EXERCISE
Nothing but the lines below between the line holding "tego przegapić! 😍" and the line holding "2019. © Stephen Tayo.", inclusive, should appear in the answer, each set down exactly.

INFORMATION SHOWN
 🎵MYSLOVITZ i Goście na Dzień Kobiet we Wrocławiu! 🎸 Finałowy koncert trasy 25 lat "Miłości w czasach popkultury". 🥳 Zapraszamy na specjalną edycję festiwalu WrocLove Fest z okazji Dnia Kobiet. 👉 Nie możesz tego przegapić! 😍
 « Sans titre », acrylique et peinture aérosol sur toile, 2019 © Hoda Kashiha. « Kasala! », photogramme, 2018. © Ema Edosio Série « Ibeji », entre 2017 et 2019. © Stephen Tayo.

==

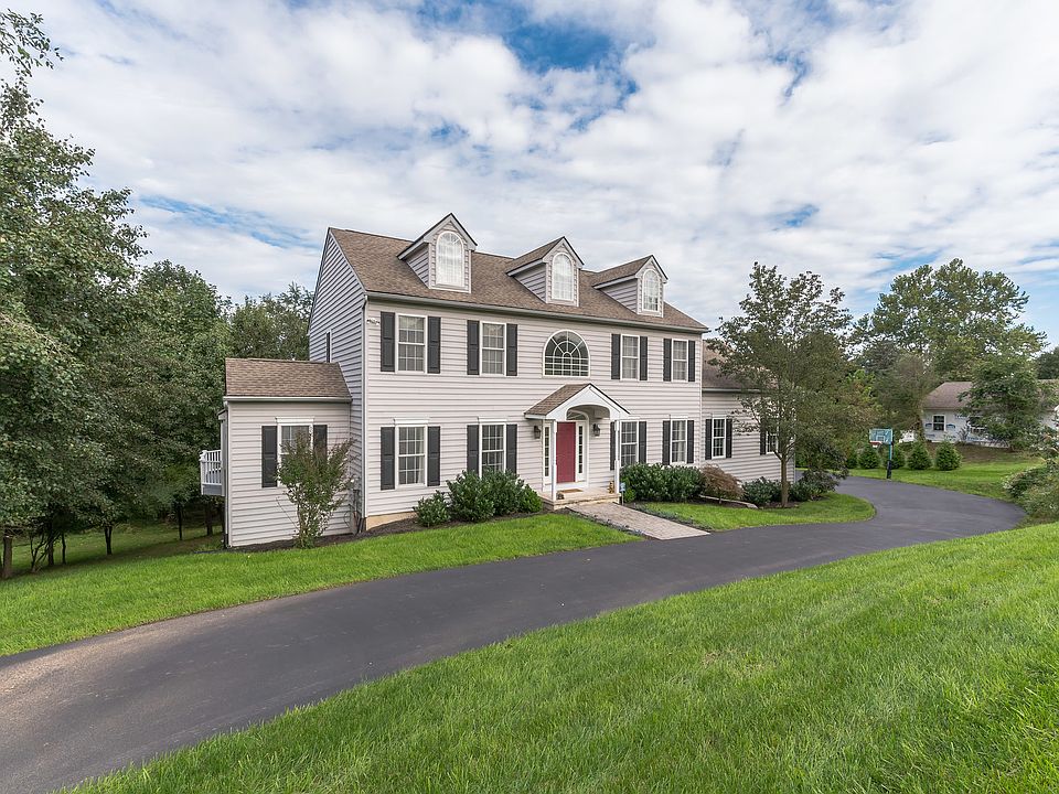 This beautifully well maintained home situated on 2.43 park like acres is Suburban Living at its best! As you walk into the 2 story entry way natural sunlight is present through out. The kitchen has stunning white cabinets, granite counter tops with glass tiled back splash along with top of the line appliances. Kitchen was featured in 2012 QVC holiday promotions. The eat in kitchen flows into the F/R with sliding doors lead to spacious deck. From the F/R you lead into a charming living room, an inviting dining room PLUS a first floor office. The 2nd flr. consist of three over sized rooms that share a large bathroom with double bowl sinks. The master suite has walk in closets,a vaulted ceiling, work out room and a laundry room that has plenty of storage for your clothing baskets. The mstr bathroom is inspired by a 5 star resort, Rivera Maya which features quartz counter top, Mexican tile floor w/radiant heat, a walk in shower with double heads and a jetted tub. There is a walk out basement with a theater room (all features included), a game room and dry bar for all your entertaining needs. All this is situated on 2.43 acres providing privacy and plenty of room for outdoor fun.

WRITTEN SOLUTION
 🎵MYSLOVITZ i Goście na Dzień Kobiet we Wrocławiu! 🎸 Finałowy koncert trasy 25 lat "Miłości w czasach popkultury". 🥳 Zapraszamy na specjalną edycję festiwalu WrocLove Fest z okazji Dnia Kobiet. 👉 Nie możesz tego przegapić! 😍
 « Sans titre », acrylique et peinture aérosol sur toile, 2019 © Hoda Kashiha. « Kasala! », photogramme, 2018. © Ema Edosio Série « Ibeji », entre 2017 et 2019. © Stephen Tayo.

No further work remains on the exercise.